Port-site metastasis after laparoscopic surgery for urological malignancy: forgotten or missed.

Purpose. Port-site metastasis has been a concern with the common use of laparoscopy in urologic oncology. We conducted this study to provide a review of port-site metastases reported after the laparoscopy in managing urologic malignancies, possible contributing factors and preventative measures. Materials and Methods. An electronic search of MEDLINE using the combined MESH key words "port-site metastasis" and "Urology". Results. 51 articles addressing port-site metastasis after laparoscopic surgery for urolo¬gical malignancy were identified. Conclusion. Port-site metastasis after laparoscopic surgery for urolo¬gical malignancy is rare. The incidence is comparable to the rate for surgical wound metastases.

1. Introduction

In recent years, with the widespread use of laparoscopy to treat an ever-increasing number of urologic malignancies, questions have been raised about the oncologic safety of this surgical approach [1]. Currently, a large number of specialized centres around the world perform laparoscopy for urologic cancer [2, 3]. Nevertheless, local recurrence and port-site metastasis remain a concern [4].

Port-site metastases, though rare, have been extensively documented for other gynaecological and GI malignancies. When they occur, they often do so in the presence of advanced disease, but it is not uncommon for them to occur in isolation [5, 6]. Concern has been expressed that laparoscopic surgery might adversely affect the long-term outcomes by increasing the risk of port-site and peritoneal seeding.
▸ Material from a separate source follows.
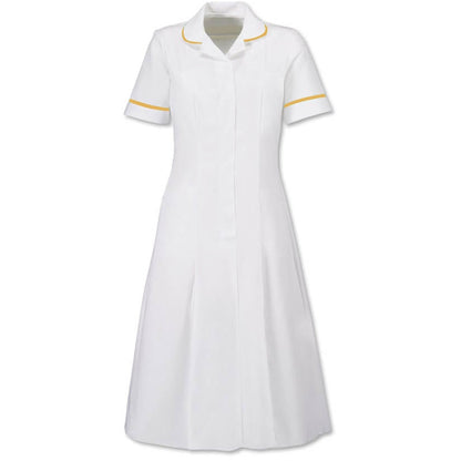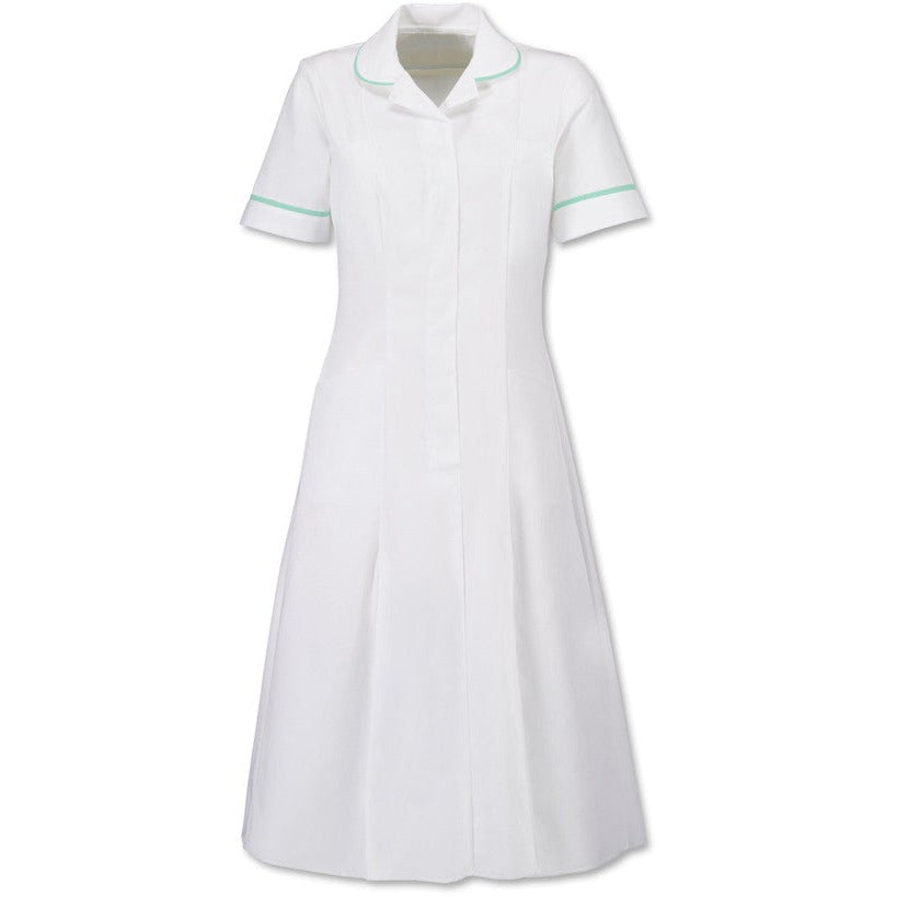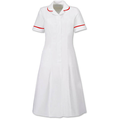 Simple crisp design with contrast collar and cuffs suitable for roles within the medical and healthcare professions. Features two hip and one chest pocket, double action back and front and back skirt pleats for ease of movement.

The first known report of a port-site metastasis was by Dobronte and associates [7] in 1978. The authors reported implantation of malignant ovarian cystic adenoma in penetration sites of the pneumo-needle and trocar. Some specific procedures and tumors have been associated with a higher incidence of portsite metastasis or tumor seeding; however, the precise incidence of port-site metastasis and its aetiology and pathogenesis have not been well defined in urologic laparoscopy [8].

Port-site metastases is a multifactorial phenomenon with an as-yet undetermined incidence. Etiological factors include natural malignant disease behavior [9], host immune status [9], local wound factors [9], laparoscopy-related factors such as aerosolization of tumor cells (the use of gas, type of gas, insufflation and desufflation, and pneumoperitoneum) [9], and sufficient technical experience of the surgeons and operating team [9] (adequate laparoscopic equipment, skill, minimal handling of the tumor, surgical manipulation and wound contamination during instruments change, organ morcellation, and specimen removal) [9].

2. Materials and Methods

An electronic search of MEDLINE of the published literature up to 2010 was carried out using the combined MESH key words “port-site metastasis” and “Urology.”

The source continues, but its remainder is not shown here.